Felix brings Sal to Freddie’s cell to reunite him with his son. The guests are brought out of the main room in time for their after-party with the warden.

As Felix and 8Handz pack up their equipment, 8Handz hears a lullaby through the feed—the same lullaby Felix used to sing to his daughter Miranda.

Felix drives back to his home, perturbed that he doesn’t feel satisfied by the success of his revenge plan. 
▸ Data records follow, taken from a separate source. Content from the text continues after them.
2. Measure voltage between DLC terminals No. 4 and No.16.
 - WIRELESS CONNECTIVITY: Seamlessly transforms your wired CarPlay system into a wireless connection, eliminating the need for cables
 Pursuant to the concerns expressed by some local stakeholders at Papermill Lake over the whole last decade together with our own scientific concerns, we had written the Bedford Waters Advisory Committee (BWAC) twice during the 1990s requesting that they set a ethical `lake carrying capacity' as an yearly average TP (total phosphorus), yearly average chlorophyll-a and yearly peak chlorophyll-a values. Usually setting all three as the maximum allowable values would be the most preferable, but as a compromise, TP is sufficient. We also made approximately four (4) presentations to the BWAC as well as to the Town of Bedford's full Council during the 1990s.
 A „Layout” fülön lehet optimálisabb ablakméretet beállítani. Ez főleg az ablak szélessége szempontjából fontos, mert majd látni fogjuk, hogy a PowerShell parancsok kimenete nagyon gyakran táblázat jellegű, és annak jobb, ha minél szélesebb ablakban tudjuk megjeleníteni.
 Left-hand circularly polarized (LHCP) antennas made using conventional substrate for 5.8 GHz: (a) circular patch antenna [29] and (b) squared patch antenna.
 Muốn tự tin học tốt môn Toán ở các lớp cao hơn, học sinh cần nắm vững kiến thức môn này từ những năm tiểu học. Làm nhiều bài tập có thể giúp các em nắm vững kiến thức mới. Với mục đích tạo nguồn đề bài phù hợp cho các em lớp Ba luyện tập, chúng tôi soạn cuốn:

Part 4, Chapters 30-39 Analysis

Part 4 mimics the structure of the fourth act in a Shakespearean play, in which falling action drives the plot. Though Part 4 consists of chapters full of heightened action, the action falls in the final chapters as Felix successfully pulls off his revenge plan. The relief of the plan being not only over but successful allows the plot to settle down. The major conflict of the novel, Felix’s revenge against Tony, is resolved.

Felix’s ultimate revenge is to defeat Tony using the traits and skills for which Tony had fired him from the Shakespeare festival. As an artistic director, Felix was known for his eccentric productions that pushed the envelope of adaptation and audience comfort. His controversial choices were the perfect ammunition for Tony to get rid of Felix. In conducting such an absurd, violent, chaos-inducing production to trick Tony into doing his bidding, Felix reclaims his talent.
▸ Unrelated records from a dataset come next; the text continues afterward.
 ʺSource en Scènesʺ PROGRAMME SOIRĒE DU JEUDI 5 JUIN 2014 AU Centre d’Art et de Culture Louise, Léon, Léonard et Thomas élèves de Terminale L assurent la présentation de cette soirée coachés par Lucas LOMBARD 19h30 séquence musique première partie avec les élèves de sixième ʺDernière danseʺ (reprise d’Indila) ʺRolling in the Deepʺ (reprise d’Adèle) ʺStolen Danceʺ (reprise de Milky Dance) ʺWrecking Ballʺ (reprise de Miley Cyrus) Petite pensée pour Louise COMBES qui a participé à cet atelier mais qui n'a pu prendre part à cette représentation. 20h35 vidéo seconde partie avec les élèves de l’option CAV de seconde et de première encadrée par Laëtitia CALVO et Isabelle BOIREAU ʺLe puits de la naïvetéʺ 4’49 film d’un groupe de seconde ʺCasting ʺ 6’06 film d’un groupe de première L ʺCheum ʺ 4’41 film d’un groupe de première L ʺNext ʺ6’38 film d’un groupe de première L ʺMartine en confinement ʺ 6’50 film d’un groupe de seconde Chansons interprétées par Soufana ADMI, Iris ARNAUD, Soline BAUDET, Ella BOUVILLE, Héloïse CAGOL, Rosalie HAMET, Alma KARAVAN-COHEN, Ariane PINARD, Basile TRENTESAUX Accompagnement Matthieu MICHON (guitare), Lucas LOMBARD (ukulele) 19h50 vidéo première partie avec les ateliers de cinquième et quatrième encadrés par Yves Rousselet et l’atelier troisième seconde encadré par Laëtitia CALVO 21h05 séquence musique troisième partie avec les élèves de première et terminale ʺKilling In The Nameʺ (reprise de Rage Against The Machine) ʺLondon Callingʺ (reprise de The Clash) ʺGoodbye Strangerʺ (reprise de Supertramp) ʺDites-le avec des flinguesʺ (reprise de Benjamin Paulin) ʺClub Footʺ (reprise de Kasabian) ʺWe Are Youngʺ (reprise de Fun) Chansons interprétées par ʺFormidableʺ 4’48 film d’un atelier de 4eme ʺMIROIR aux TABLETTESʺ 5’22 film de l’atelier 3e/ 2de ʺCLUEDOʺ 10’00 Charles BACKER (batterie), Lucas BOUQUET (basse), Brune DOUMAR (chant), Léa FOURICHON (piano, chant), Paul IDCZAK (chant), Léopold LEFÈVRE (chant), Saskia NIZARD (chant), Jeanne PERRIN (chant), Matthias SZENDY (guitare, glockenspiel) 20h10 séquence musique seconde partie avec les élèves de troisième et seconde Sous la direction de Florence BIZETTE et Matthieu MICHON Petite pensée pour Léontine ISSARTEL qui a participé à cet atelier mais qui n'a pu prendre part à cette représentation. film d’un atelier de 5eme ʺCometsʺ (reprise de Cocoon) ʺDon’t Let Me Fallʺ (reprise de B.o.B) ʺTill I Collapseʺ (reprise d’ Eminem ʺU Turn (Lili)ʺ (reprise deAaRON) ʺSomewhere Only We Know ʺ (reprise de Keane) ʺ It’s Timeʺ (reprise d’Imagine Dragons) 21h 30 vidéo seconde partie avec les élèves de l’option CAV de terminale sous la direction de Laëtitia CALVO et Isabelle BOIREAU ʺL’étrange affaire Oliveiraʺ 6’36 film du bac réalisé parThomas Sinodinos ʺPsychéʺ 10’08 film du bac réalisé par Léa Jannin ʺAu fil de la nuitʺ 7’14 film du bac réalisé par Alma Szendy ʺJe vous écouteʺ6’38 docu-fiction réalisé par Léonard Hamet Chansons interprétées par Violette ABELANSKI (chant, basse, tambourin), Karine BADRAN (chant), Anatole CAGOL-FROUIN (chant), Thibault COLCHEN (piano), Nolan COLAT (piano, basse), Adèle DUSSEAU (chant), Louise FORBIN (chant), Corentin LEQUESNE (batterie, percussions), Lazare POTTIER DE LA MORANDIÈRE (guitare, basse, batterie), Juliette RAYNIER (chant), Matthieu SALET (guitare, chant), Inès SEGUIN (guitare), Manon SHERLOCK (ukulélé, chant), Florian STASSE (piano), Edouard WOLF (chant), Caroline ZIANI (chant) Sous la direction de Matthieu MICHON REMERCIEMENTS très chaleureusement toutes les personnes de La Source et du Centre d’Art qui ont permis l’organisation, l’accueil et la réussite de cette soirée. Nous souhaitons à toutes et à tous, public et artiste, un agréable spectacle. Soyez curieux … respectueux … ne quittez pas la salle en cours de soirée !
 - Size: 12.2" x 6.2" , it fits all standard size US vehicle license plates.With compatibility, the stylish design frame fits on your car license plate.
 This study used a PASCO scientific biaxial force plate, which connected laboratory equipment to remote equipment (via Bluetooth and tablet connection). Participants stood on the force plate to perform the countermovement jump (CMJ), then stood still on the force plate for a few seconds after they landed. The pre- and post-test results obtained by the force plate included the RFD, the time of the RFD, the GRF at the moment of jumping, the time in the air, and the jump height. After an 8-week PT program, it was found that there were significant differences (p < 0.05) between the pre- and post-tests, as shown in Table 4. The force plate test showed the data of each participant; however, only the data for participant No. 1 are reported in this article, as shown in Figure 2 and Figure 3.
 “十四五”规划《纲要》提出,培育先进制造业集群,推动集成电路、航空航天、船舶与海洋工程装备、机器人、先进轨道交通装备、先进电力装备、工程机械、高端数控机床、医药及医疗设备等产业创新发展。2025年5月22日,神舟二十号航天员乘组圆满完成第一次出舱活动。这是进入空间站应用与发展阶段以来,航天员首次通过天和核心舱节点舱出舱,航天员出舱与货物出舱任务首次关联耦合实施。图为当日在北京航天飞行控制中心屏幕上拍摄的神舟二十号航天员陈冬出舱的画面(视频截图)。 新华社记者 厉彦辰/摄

Another element to this part that helps resolve the primary conflict is the revelation of Tony’s true character. In earlier chapters, the reader could not be as certain as Felix that Tony purposefully and cruelly fired him: Felix’s unreliable narrative voice builds suspicion rather than trust. However, when Tony encourages the assassination of Sal and Lonnie, he reveals himself to be worse than even Felix assumed. Atwood surprises the reader with the depths of Tony’s wickedness, thus redeeming Felix’s neuroses.

Finally, Felix’s lack of satisfaction underscores the falling action. He has triumphed over Tony, yet he still hears and misses his daughter Miranda. He recognizes that virtue is better than vengeance. The tension that motivated Parts 1 through 3 deflates into disappointment. Despite the resolution, Felix is still unfulfilled, proving that his 12-year pursuit of revenge was unnecessary.
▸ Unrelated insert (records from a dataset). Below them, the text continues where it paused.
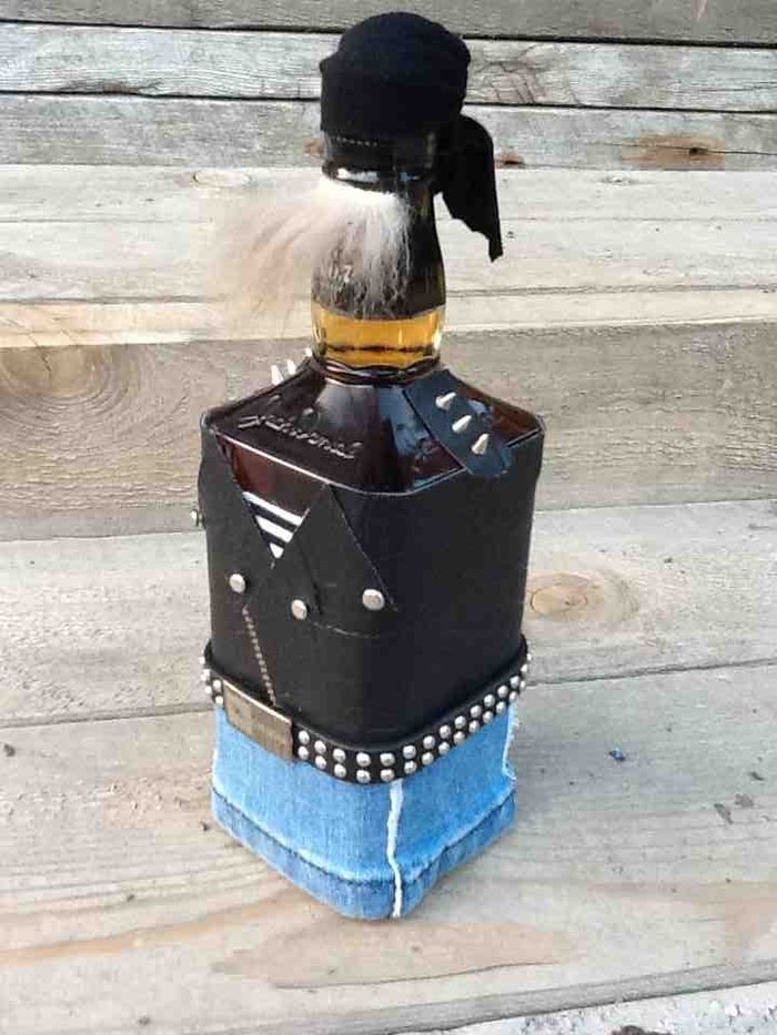 Как-то друг попросил оформить бутылку виски ему на свадьбу. Только попросил, чтоб она была не в стандартном исполнении жениха, а что - нибудь оригинальное. Так и появился байкер Джек)
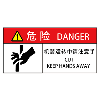 海斯迪克 工作场所安全标识牌贴纸 优质PVC警示牌1张 5*10CM 危险-机器运转中请注意手 gnjz-1356
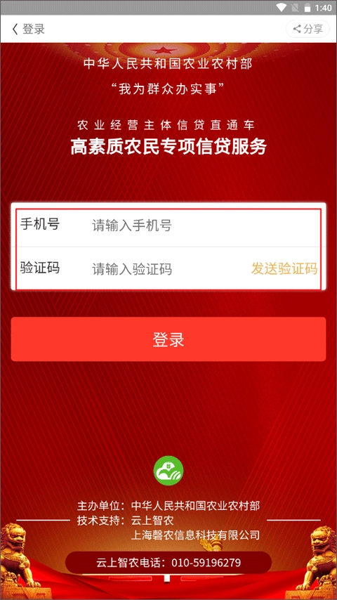 2、跳转到信贷服务登录界面,输入手机号和验证码进行登录操作。
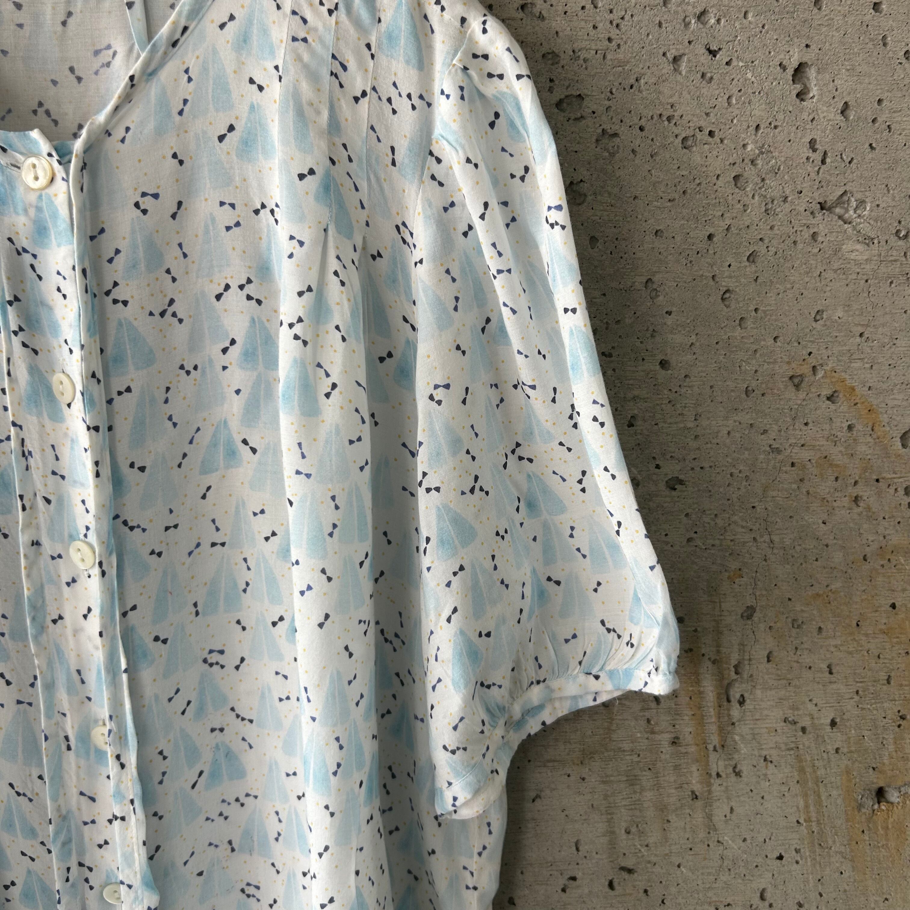 水彩画のようなプリントが美しく、麦わらの帽子や、軽い素材のスカートなどと合わせるのがおすすめです。

In Part 4, Atwood continues to draw parallels between her characters and the characters in The Tempest. The ministers talk about the prisoners in ways that dehumanize them; they see the prisoners as problems best dealt with in a prison, away from society, with no potential for growth. This mirrors the colonialist attitude of the royal Italians who land on Prospero’s island. To Alonso and Antonio, people like Prospero and Caliban are societal rejects living in what the Italians view as uncivilized conditions. So many years spent isolated on an island place Prospero on the same level as Caliban in the eyes of the Italians. These attitudes come from a colonialist mindset that was just emerging during Shakespeare’s time period, as Europeans expanded their imperial reach and created racist and ethnocentric rationales for doing so. Just as the wealthy Italians believe Caliban cannot be civilized, so too do Tony and Sal believe that the prisoners in Fletcher cannot be rehabilitated.

In The Tempest, Prospero hopes to arrange Ferdinand and Miranda’s marriage as part of his plot to regain his rightful place in Italian society. However, his plan works almost too well because Miranda and Ferdinand do fall in love. In Hag-Seed, Felix sets up Anne-Marie to seduce Freddie, keeping him safely away from the drug-induced torture his father experiences. Like their Shakespearean counterpart, Anne-Marie and Freddie are immediately attracted to one another, and their play-acting turns into real flirtation and connection.

Felix’s immersive play, in which the prisoners act out characters from The Tempest to entrap the Ministers for blackmail material, perfectly mirrors the series of events in Acts IV and V of The Tempest. Prospero separates Ferdinand (Freddie), poisons the royal Italians with alcohol (Sal and Tony), and creates a storm (the music-light effect of 8Handz’s special effects) to intimidate the Italians into restoring him to his former role.